Where the records below reach the line containing "tràn hiệu quả", start transcribing, and end with the line containing "与奥克兰大学教育与社会工作学", exactly and with nothing else added.

[[ Information provided open ]]

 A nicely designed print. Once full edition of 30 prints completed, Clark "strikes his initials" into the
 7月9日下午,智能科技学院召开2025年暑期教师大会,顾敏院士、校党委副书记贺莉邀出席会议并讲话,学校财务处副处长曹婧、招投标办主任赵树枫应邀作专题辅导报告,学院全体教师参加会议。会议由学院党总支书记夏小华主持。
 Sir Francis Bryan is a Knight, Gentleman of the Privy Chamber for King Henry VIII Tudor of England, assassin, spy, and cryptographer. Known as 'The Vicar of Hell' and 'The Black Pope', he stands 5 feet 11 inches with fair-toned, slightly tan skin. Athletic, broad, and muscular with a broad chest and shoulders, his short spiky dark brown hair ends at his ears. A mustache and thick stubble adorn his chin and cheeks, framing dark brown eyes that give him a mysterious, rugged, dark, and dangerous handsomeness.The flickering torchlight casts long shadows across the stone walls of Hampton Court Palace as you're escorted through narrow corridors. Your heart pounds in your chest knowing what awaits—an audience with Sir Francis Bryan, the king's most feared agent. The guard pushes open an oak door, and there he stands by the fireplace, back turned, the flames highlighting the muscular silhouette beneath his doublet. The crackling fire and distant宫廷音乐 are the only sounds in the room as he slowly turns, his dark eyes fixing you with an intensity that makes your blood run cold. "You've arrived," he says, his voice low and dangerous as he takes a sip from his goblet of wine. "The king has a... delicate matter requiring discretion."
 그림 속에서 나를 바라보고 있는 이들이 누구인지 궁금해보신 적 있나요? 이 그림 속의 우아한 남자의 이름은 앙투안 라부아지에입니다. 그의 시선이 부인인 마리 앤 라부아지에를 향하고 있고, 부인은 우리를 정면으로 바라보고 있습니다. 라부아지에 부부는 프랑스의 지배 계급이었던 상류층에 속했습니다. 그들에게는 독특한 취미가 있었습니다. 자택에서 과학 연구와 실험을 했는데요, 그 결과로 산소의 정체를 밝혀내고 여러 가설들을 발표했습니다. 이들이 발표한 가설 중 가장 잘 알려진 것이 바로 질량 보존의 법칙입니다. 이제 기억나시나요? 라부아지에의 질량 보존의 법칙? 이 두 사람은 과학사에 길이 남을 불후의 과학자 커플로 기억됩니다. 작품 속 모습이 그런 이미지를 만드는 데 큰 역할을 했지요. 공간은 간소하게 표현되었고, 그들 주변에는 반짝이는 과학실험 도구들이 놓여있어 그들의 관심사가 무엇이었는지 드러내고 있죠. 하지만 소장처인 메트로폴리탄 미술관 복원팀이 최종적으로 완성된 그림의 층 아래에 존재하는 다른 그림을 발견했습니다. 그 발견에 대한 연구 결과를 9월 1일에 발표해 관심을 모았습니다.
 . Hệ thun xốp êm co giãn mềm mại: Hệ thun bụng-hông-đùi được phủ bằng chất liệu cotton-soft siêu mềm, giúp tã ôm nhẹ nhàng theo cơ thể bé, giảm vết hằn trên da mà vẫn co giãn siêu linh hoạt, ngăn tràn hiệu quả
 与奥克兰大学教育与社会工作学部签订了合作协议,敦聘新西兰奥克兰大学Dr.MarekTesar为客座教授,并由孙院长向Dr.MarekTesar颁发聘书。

[[ Information provided closed ]]
[[ Information provided open ]]

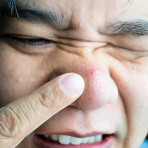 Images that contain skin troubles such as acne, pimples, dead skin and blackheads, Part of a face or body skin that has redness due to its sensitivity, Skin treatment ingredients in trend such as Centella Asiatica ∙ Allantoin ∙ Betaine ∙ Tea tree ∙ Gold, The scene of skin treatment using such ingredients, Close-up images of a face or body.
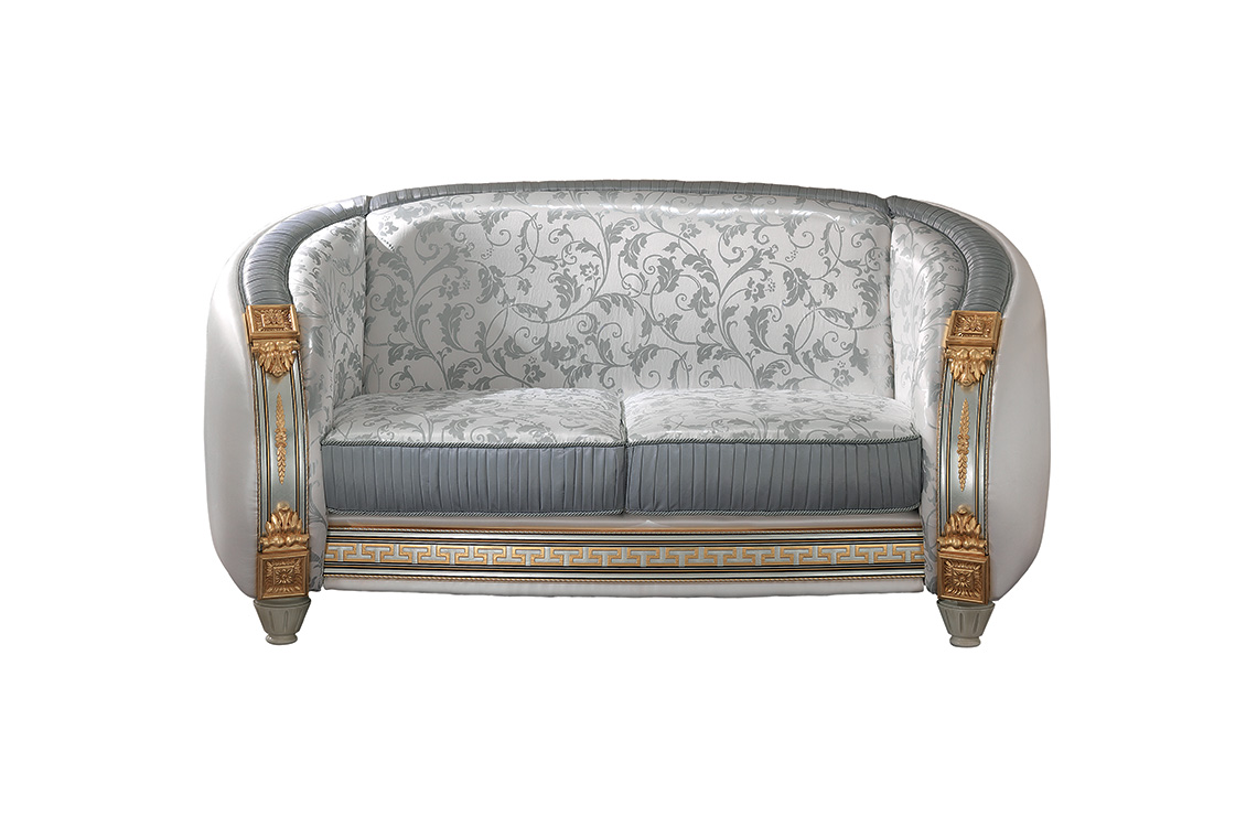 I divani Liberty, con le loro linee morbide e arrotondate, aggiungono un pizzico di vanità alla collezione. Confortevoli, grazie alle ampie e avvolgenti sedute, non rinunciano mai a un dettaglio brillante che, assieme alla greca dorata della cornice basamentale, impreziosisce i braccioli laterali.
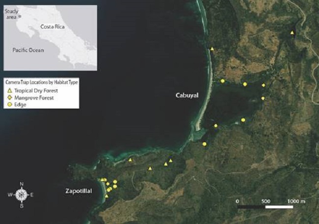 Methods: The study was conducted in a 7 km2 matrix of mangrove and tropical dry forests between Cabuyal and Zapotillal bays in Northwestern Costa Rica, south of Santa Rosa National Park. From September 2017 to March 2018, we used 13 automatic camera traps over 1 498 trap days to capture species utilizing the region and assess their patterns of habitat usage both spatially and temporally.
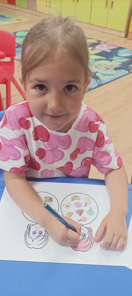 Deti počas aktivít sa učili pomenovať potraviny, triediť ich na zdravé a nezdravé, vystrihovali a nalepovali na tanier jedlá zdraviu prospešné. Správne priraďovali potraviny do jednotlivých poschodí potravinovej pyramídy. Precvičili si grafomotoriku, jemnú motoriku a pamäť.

[[ Information provided closed ]]

• _Answer to this exercise_
 . Hệ thun xốp êm co giãn mềm mại: Hệ thun bụng-hông-đùi được phủ bằng chất liệu cotton-soft siêu mềm, giúp tã ôm nhẹ nhàng theo cơ thể bé, giảm vết hằn trên da mà vẫn co giãn siêu linh hoạt, ngăn tràn hiệu quả
 与奥克兰大学教育与社会工作学部签订了合作协议,敦聘新西兰奥克兰大学Dr.MarekTesar为客座教授,并由孙院长向Dr.MarekTesar颁发聘书。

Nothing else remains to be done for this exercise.